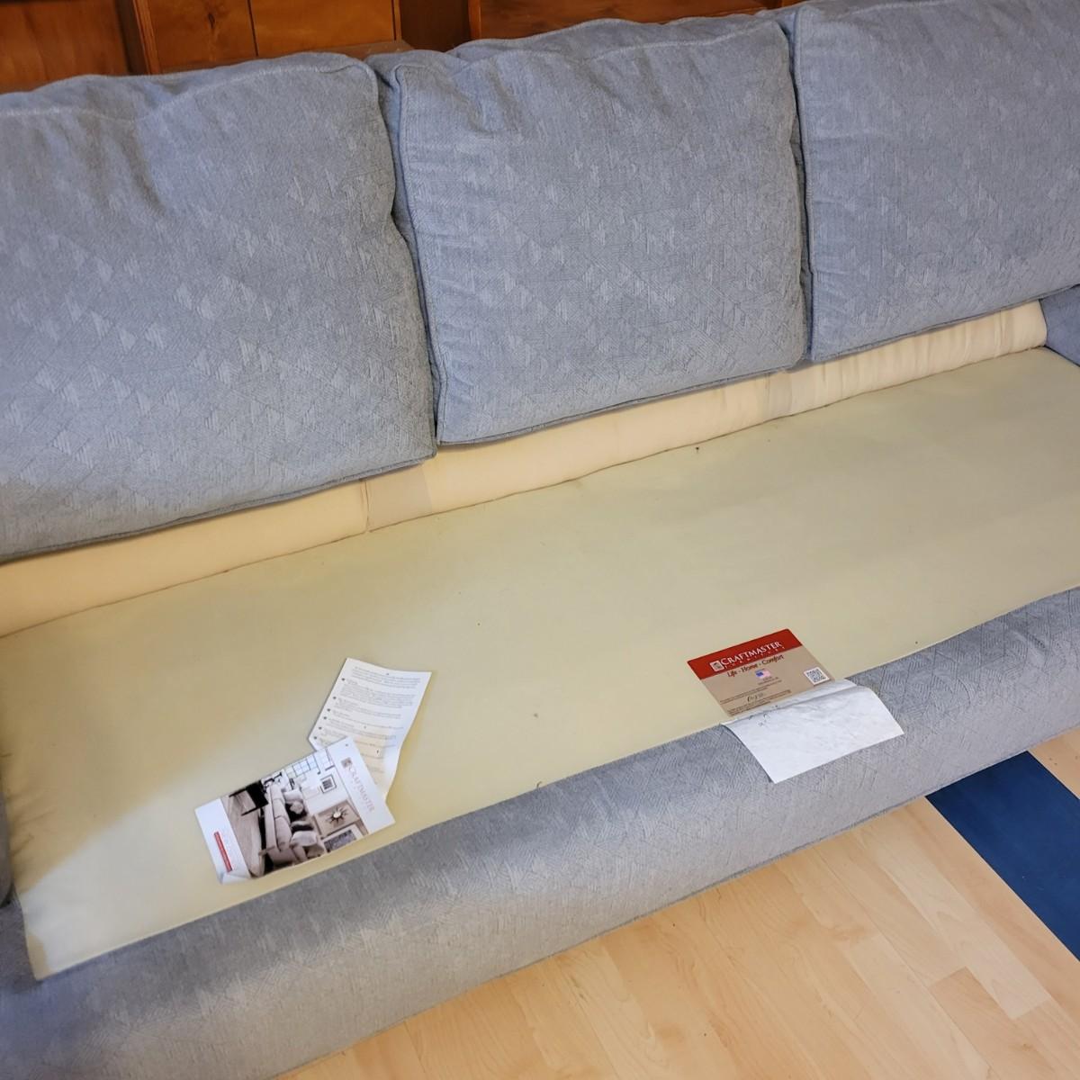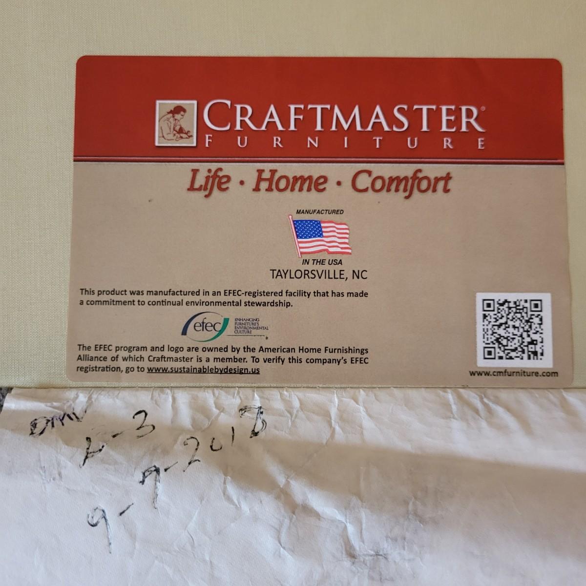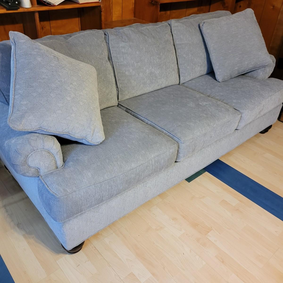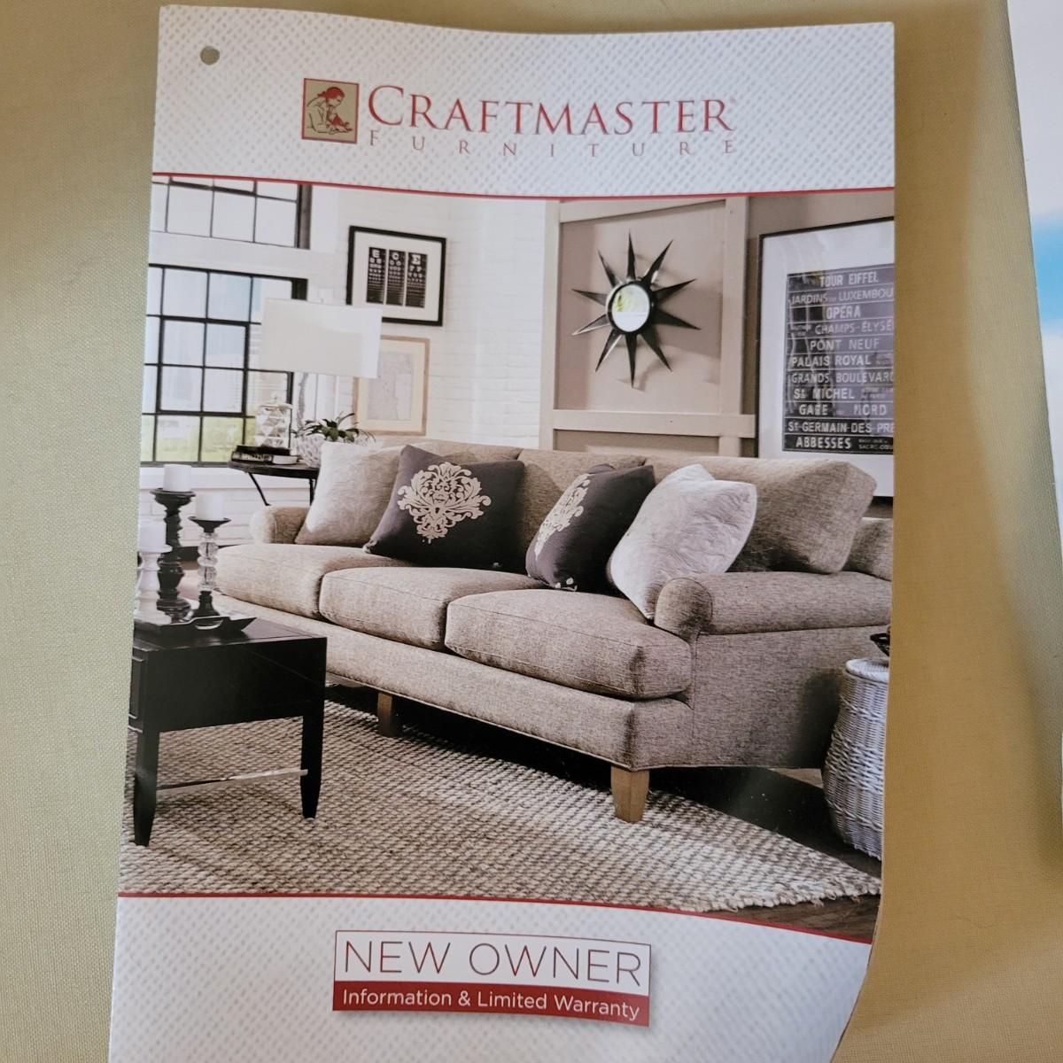 A Craftmaster couch in good condition. This couch was manufactured locally in Taylorsville, NC by Craftmaster and features "Earth Safe" filling. It has a grey textured fabric and two matching pillows. Measures approximately 84" x 36" x 36". No stains or odors were noted. Local pickup only. Winning bidder must bring assistance to help move and load this item due to its weight and/or size.
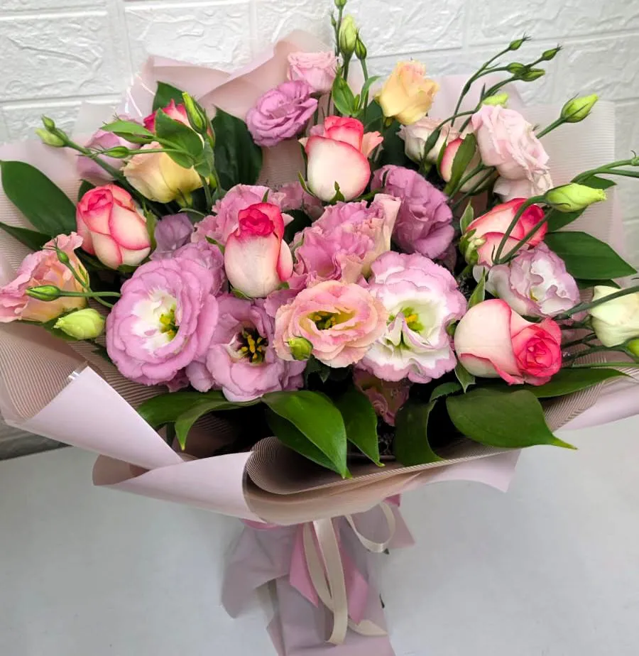Сочетание роз и эустомы создает неповторимый визуальный эффект, где каждая деталь подчеркивает красоту другой. Розы привносят страсть и классику, а эустома – воздушность, нежность и современность. Этот стильный букет станет идеальным дополнением к любому событию, от официального мероприятия до личного праздника.
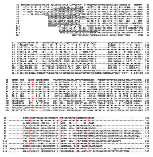 Alignment of the amino acid sequences of the CD38/CD157/ADP-ribosyl cyclase family based on the primary structures of the encoded proteins (adapted from [44]). Dots indicate amino acids identical to human CD38. Dashes indicate gaps for maximal alignment. Ten cysteine and five amino acid residues conserved among all the proteins are highlighted in red and gray, respectively. The underlined amino acid residues are a putative transmembrane domain in CD38 and signal sequence in CD157 and ADP-ribosyl cyclase. The sequences used in alignment are #1: human CD38 (AAA68482 [55]), #2: rat CD38 (BAA06129 [20]), #3: mouse CD38 (AAA03163 [56]), #4: chicken CD38 (NM_001201388), #5: Xenopus laevis CD38 (AB194899 [44]), #6: human BST1 (CD157) (BAA04885 [47]), #7: rat BST1 (CD157) (Q63072 [51]), #8: mouse BST1 (CD157) (BAA06597 [57]), #9: chicken CD157 (NM_001200043), #10: Xenopus laevis CD157 (AB194901 [44]), #11: Aplysia californica ADP-ribosyl cyclase (AAA65698 [8]), #12: Aplysia kurodai ADP-ribosyl cyclase (BAA06284 [9]), #13: Strongylocentrotus purpuratus ADP-ribosyl cyclase (AM494973 [58]), and #14: Schistoma mansoni ADP-ribosyl cyclase (AAX35328 [59]). Although XP_005162637 (Danio rerio ADP-ribosyl cyclase 1-like [60]) showed significant homology with CD38/CD157/ADP-ribosyl cyclase family, the 8th and 10th cysteines in the conserved 10 cysteine residues (red), which are essential for the enzyme activities, are not conserved. It may be important to measure ADP-ribosyl cyclase activity in zebrafish ADP-ribosyl cyclase 1-like for understanding the involvement of the two cysteines in ADP-ribosyl cyclase activity.
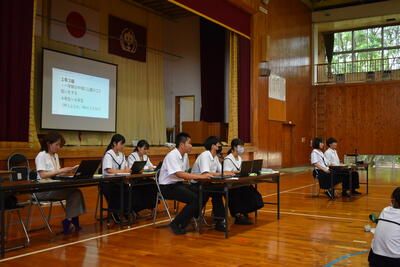 総会では、山之口中の新しい取組としての「小中学校の交流」と「校則の見直し」についてのニつの議題で、互いの意見を交わしました。
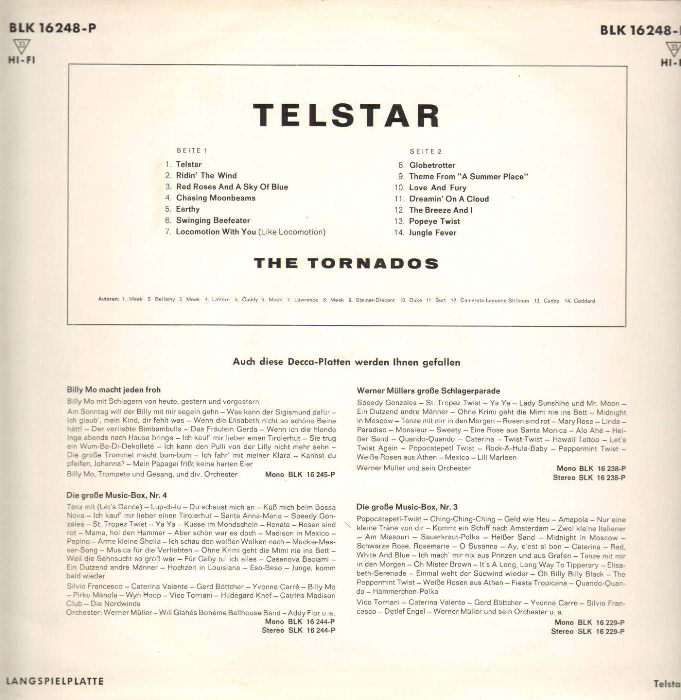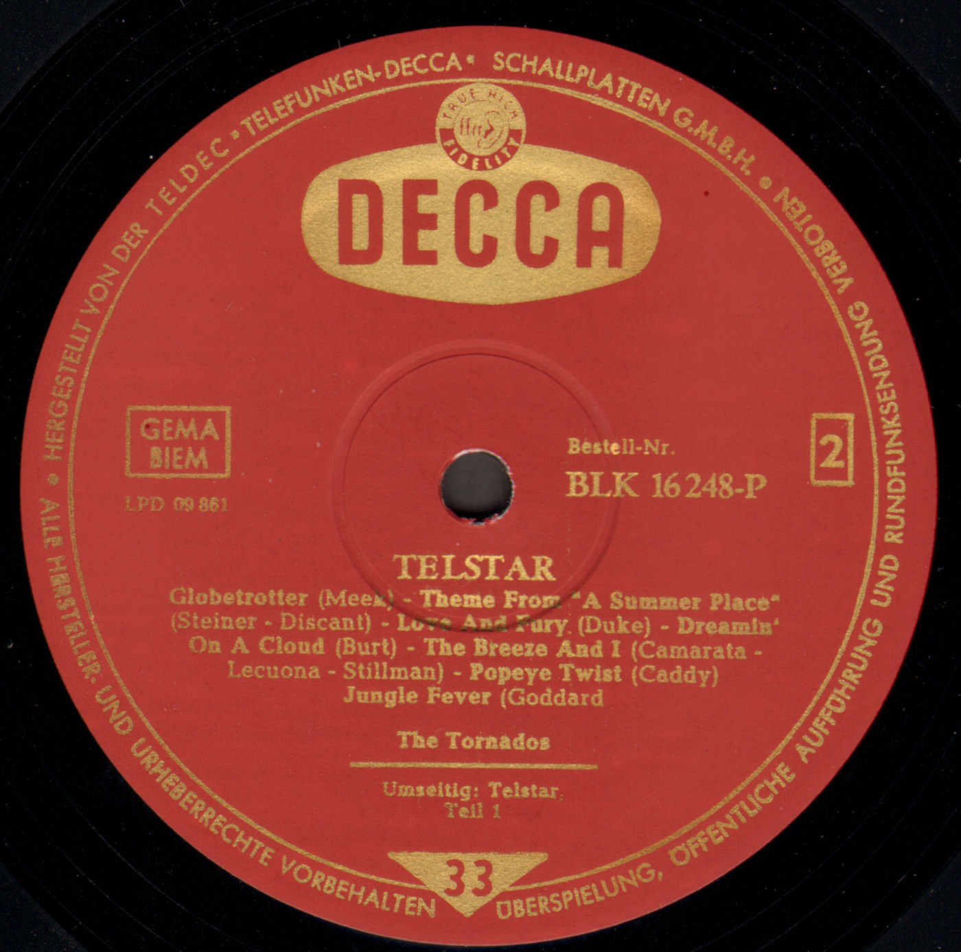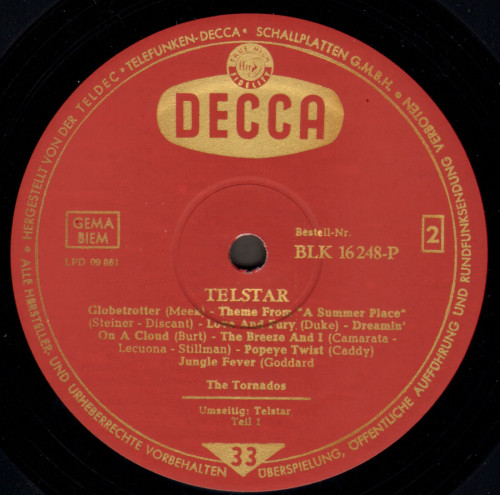Matrix No: LPD 09 860 + LPD 09 861 A-Side Telstar (Joe Meek) Ridin' The Wind (George Bellamy Red Roses An A Sky Of Blue (Joe Meek) Chasing Moonbeams (Roger LaVern) Earthy (Allan Caddy) Swinging Beefeater (Joe Meek) Locomotion With You (Like Locomotion) (Lawrence) B-Side: Globetrotter (Joe Meek) Theme Fron "A Summer Place" (Steiner - Discant) Love And Fury (Duke = Joe Meek) Dreamin' On A Cloud (Heinz Burt) The Breeze And I (Camarata - Lecuona - Stillman) Jungle Fever (Geoff Goddard) Original Decca Recording Location: Joe Meek R.G.M. Sounds, 304 Holoway Road, London Producer And Technician: Joe Meek Date: Insp (Rec) 1963 - Utg (Rel) 1963 Musicians: Alan Caddy (lg) George Bellamy (rg) Heinz Burt (bg) Roger LaVern (key) Clem Cattini (drms) |
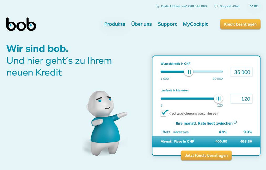 Po ashtu një nga institucionet financiare më të mirënjohura në Zvicër, me seli në Zurich, ka një platforme digjitale dhe inovative, ka hapur dyert e financimit që nga viti 2014. Platforma e aplikimit online e Bob.ch ka ndërtuar një imazh të fortë si bankë e besueshme, transparente dhe e shpejtë. Aplikimi juaj për kredi është I lehtë dhe I thjeshtë dhe mund të bëhet nga komfori i shtëpisë për më pak se 10 minuta.
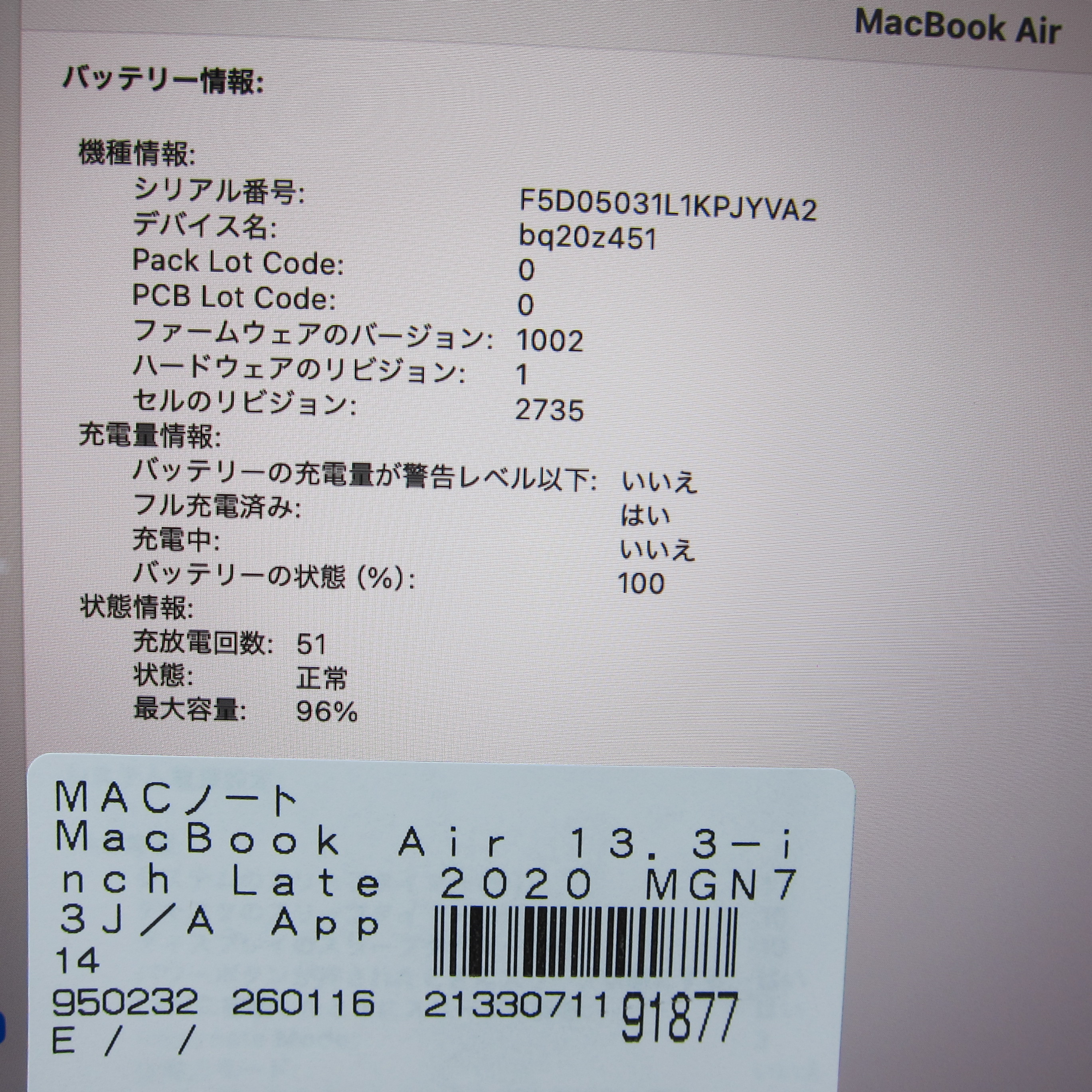 〔中古品〕 MacBook Air 13.3-inch Late-2020 MGN73J/A Apple M1 8コアCPU_8コアGPU 16GB SSD1TB スペースグレイ 〔15.7 Sequoia〕 [グラフィック:オンボード/USキーボード]
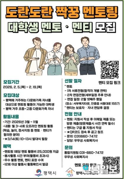 안녕일보 배윤 기자 | 평택시가족센터는 2월 5일부터 19일까지 다문화가족 자녀 대상 ‘도란도란 짝꿍 멘토링’에 참여할 대학생 멘토와 멘티를 모집한다.
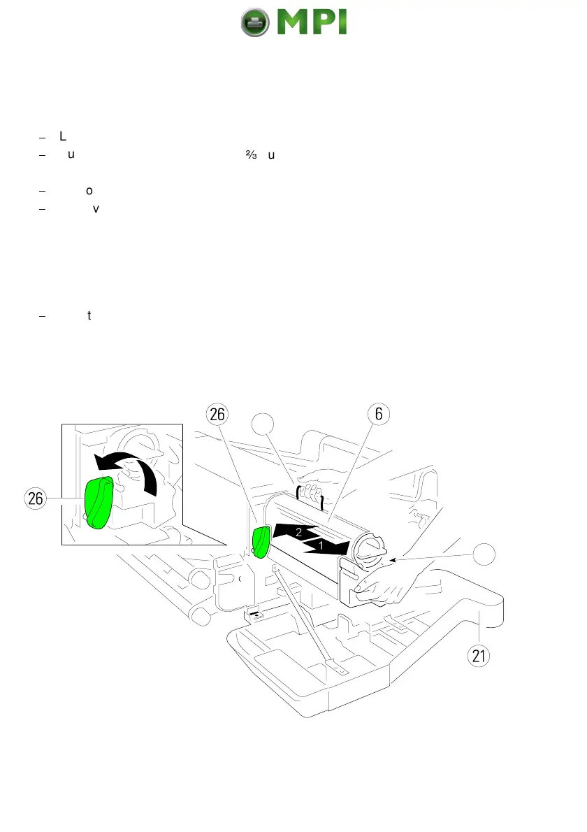 Lift the lever (26) upwards to unlock the Developer Unit.
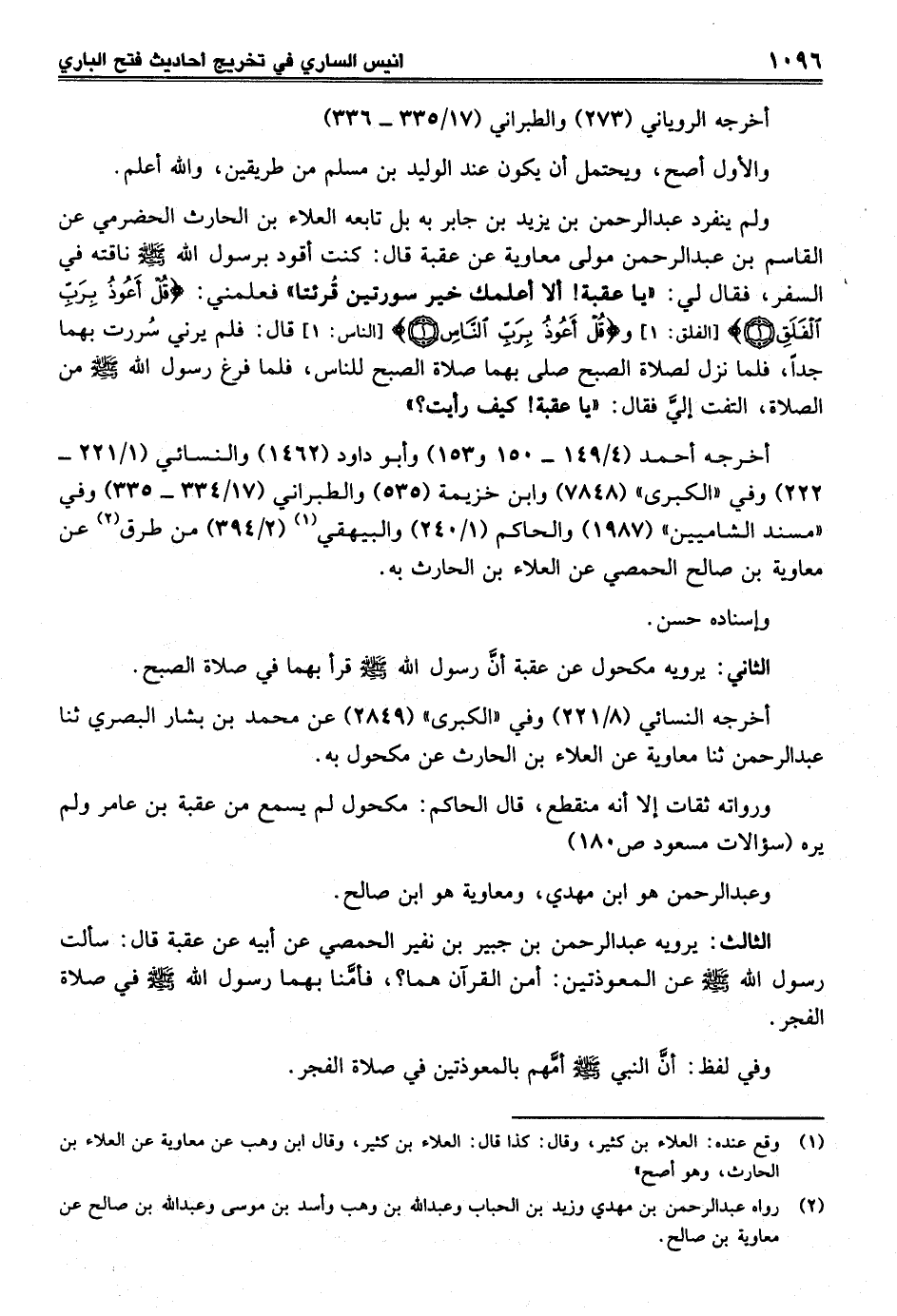 الثالث: يرويه عبد الرحمن بن جبير بن نفير الحمصي عن أبيه عن عقبة قال: سألت رسول الله -صلى الله عليه وسلم- عن المعوذتين: أمن القرآن هما؟، فأمَّنا بهما رسول الله -صلى الله عليه وسلم- في صلاة الفجر.
- - - - - - -
* Task: Go to the line above holding "Matrix No: LPD", then copy exactly each line down to and including the one holding "안녕일보 배윤 기자 |", leaving pictures out.

* Exercise answer:
Matrix No: LPD 09 860 + LPD 09 861 A-Side Telstar (Joe Meek) Ridin' The Wind (George Bellamy Red Roses An A Sky Of Blue (Joe Meek) Chasing Moonbeams (Roger LaVern) Earthy (Allan Caddy) Swinging Beefeater (Joe Meek) Locomotion With You (Like Locomotion) (Lawrence) B-Side: Globetrotter (Joe Meek) Theme Fron "A Summer Place" (Steiner - Discant) Love And Fury (Duke = Joe Meek) Dreamin' On A Cloud (Heinz Burt) The Breeze And I (Camarata - Lecuona - Stillman) Jungle Fever (Geoff Goddard) Original Decca Recording Location: Joe Meek R.G.M. Sounds, 304 Holoway Road, London Producer And Technician: Joe Meek Date: Insp (Rec) 1963 - Utg (Rel) 1963 Musicians: Alan Caddy (lg) George Bellamy (rg) Heinz Burt (bg) Roger LaVern (key) Clem Cattini (drms) |
 Po ashtu një nga institucionet financiare më të mirënjohura në Zvicër, me seli në Zurich, ka një platforme digjitale dhe inovative, ka hapur dyert e financimit që nga viti 2014. Platforma e aplikimit online e Bob.ch ka ndërtuar një imazh të fortë si bankë e besueshme, transparente dhe e shpejtë. Aplikimi juaj për kredi është I lehtë dhe I thjeshtë dhe mund të bëhet nga komfori i shtëpisë për më pak se 10 minuta.
 〔中古品〕 MacBook Air 13.3-inch Late-2020 MGN73J/A Apple M1 8コアCPU_8コアGPU 16GB SSD1TB スペースグレイ 〔15.7 Sequoia〕 [グラフィック:オンボード/USキーボード]
 안녕일보 배윤 기자 | 평택시가족센터는 2월 5일부터 19일까지 다문화가족 자녀 대상 ‘도란도란 짝꿍 멘토링’에 참여할 대학생 멘토와 멘티를 모집한다.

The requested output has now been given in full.